If you’re interested in the technical explanation of what happened, simply refer to Rabbe’s post. To put it in the simplest possible terms, which he did, in the intro, Skype’s P2P network became unstable and suffered a "critical failure."
As far as prevention, Rabbe says the company will continue to examine its software for potential issues, and provide "hotfixes" where appropriate, either for download or automatic delivery to users. "We will also be reviewing our processes for providing ‘automatic’ updates to our users so that we can help keep everyone on the latest Skype software," he says. "We believe these measures will reduce the possibility of this type of failure occurring again."

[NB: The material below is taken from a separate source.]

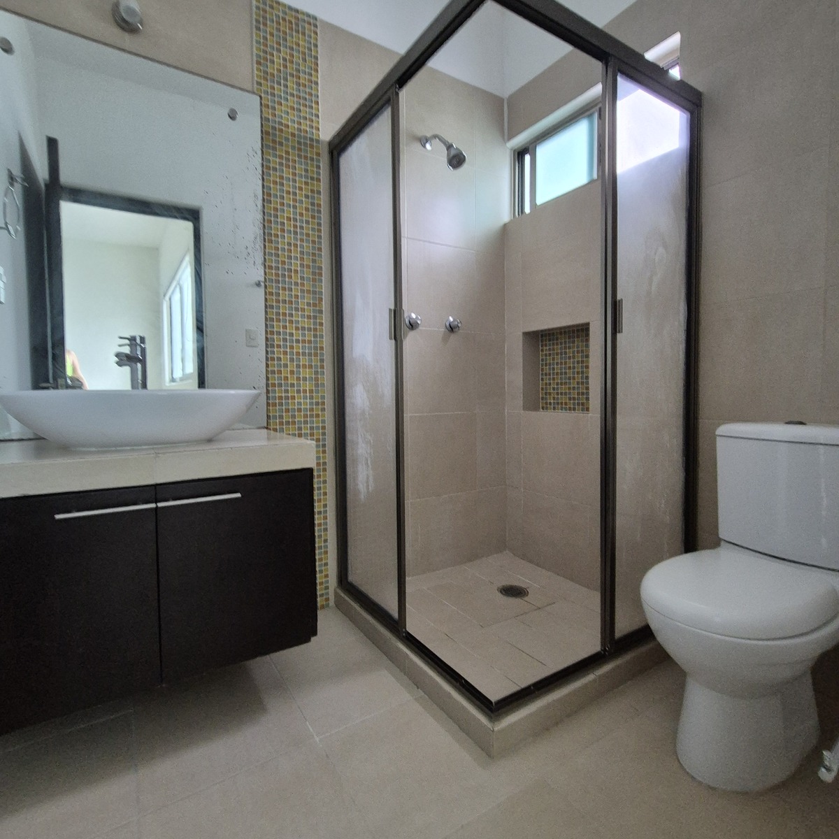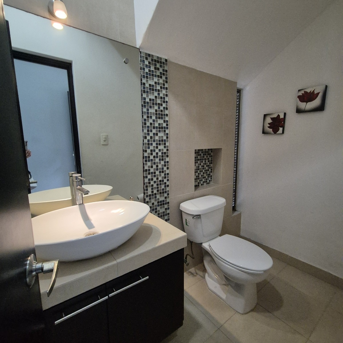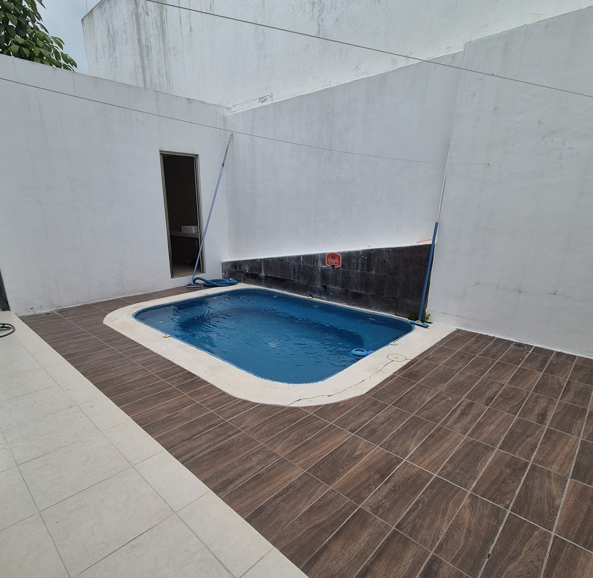 Excelente oportunidad de renta en privada; casa de 3 recámaras, 3 baños, sala, medio baño, comedor, cocina integral, patio con alberca chica con cuarto de.bombas, climatizada, caseta de Vigilancia 24/7, alberca en área común, juegos infantiles.

"Second, we are learning the lessons we can from this incident and reviewing our processes and procedures, looking in particular for ways in which we can detect problems more quickly to potentially avoid such outages altogether, and ways to recover the system more rapidly after a failure," he adds. "Third, while our Windows v5 software release was subject to extensive internal testing and months of Beta testing with hundreds of thousands of users, we will be reviewing our testing processes to determine better ways of detecting and avoiding bugs which could affect the system."
He says that Skype will also continue to invest in capacity and resilience, with an investment program already in existence.